There are three types of storage environments: all disk, hybrid disk and flash, and all flash. A move to all flash could be prohibitively expensive and likely would not produce benefits that match the cost, he says. A hybrid environment could significantly improve the performance of the storage environment with a return on investment that the chief financial officer or board of directors will understand without delving into techno-speak.

Before a company spends a dime on changing its infrastructure, it needs to identify the types of applications it runs and where performance bottlenecks exist. While the industry's "general rule of thumb" is to recommend 5-10 percent flash being used to front-end disk storage, he says, without fully understanding your applications means you might be spending too much money and receiving too few benefits in return. First a company needs to determine if it wants flash memory or if it needs flash, says founder and chief analyst with Minneapolis-based StorageIO. If an analysis of the applications shows the company needs flash, it becomes much easier to budget for the extra expense, he says.
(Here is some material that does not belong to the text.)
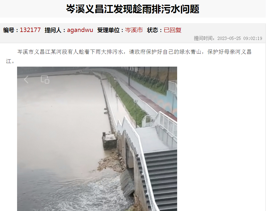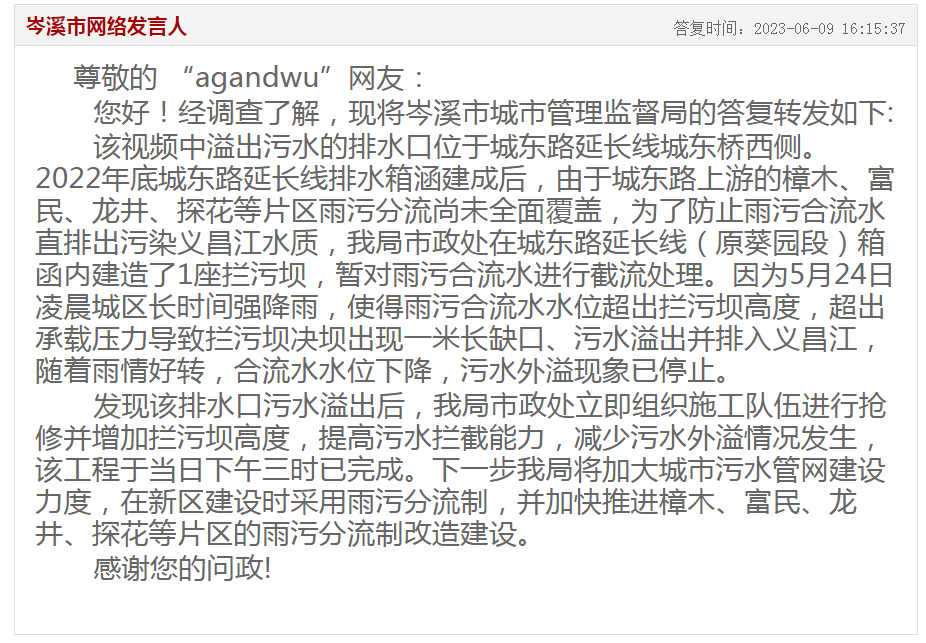 該視頻中溢出污水的排水口位于城東路延長線城東橋西側(cè)。2022年底城東路延長線排水箱涵建成后,由于城東路上游的樟木、富民、龍井、探花等片區(qū)雨污分流尚未全面覆蓋,為了防止雨污合流水直排出污染義昌江水質(zhì),我局市政處在城東路延長線(原葵園段)箱函內(nèi)建造了1座攔污壩,暫對雨污合流水進(jìn)行截流處理。因為5月24日凌晨城區(qū)長時間強(qiáng)降雨,使得雨污合流水水位超出攔污壩高度,超出承載壓力導(dǎo)致攔污壩決壩出現(xiàn)一米長缺口、污水溢出并排入義昌江,隨著雨情好轉(zhuǎn),合流水水位下降,污水外溢現(xiàn)象已停止。

The return on investment (ROI) for solid-state storage should be three to six months, he says.

For example, let's say an on-line retailer is looking to speed up transactions. If flash that is optimized for write operations could save, for example, 10 seconds per transaction for a company that does 2,000 transactions per day, the company will save the equivalent of 5.6 hours per day of productivity as compared to a database that has no flash front-end. If the company's average employee is earning $30 per hour, that 5.6 hours per day is $168 per day. Over a standard 40-hour work week per year, that's a savings of nearly $22,000 in the first six months alone. Oracle has a useful total cost of ownership calculator that compares flash to disk storage. Remember that these are just estimates; as the saying goes, your mileage may vary. "If the conversation turns to cost-per-gigabyte or terabyte of storage, it's the wrong conversation," Schulz says. Flisher agrees that looking at the cost of flash storage alone should not be the deciding factor on whether or not to add it to your storage infrastructure. Often applications need a little boost in performance in order to translate into significant gains in productivity.